NCAA president Charlie Baker, who was speaking to reporters when the judge issued his ruling, reiterated that his organization is seeking a federal antitrust waiver to address NIL issues.

“I would like something that’s very limited here, and I’m perfectly happy to have some federal oversight with regard to that limitation,” Baker said, according to USA Today. “The sort of broad-stroke antitrust exemption that people have talked about — I don’t think that’s necessary. I’m looking for something that just will end the uncertainty and the chaos around some of the very basic rule-making that’s a part of all this.”

Baker added his opposition to making cash payment a legal part of the recruiting process.

“I definitely don’t think it should be (allowed) right now, given the fact that there is no transparency (concerning what athletes make from NIL deals), there’s no accountability, and there’s lots of examples of people misrepresenting truth in reality to kids who then end up chasing that … and discover that what they thought was there isn’t,” he said, per USA Today.
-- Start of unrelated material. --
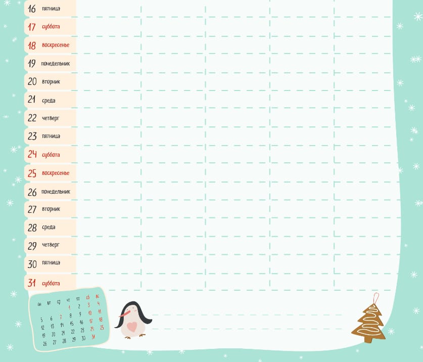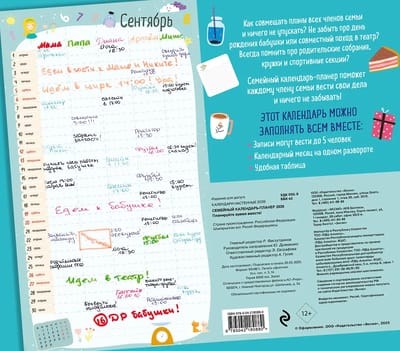Пользоваться календарем-планером приятно и легко. Внутри — таблица с пятью колонками для записи имен членов семьи, планов и событий, а также дополнительные линейки для особо важных дел или дней рождения.

The case stems from the NCAA’s decision in January to launch an investigation into the Tennessee football program over alleged recruiting violations. It centered on Nico Iamaleava, a five-star quarterback recruit coming out of high school, signing a deal with Tennessee’s primary NIL collective, Spyre Sports Group, reportedly worth $8 million.

Tennessee chancellor Donde Plowman addressed a biting letter to Baker last month, claiming the NCAA is not doing its part to establish clear rules for student-athletes, their families or universities.

“Instead, two and a half years of vague and contradictory NCAA memos, emails and ‘guidance’ about name, image and likeness (NIL) has created extraordinary chaos that student-athletes and institutions are struggling to navigate. In short, the NCAA is failing,” Plowman wrote in part.

The AGs of Tennessee and Virginia filed their antitrust lawsuit against the NCAA the next day.

“Without the give and take of a free market, student-athletes simply have no knowledge of their true NIL value,” Corker wrote Friday. “It is this suppression of negotiating leverage and the consequential lack of knowledge that harms student-athletes.”

Tennessee attorney general Jonathan Skrmetti said in a statement to news outlets Friday that his state would continue pursuing its litigation “to ensure the NCAA’s monopoly cannot continue to harm Tennessee student-athletes.

“The NCAA is not above the law, and the law is on our side.”

NCAA student-athletes have been allowed to profit off their names, images and likenesses since the Supreme Court ruled in their favor in NCAA v. Alston in summer 2021.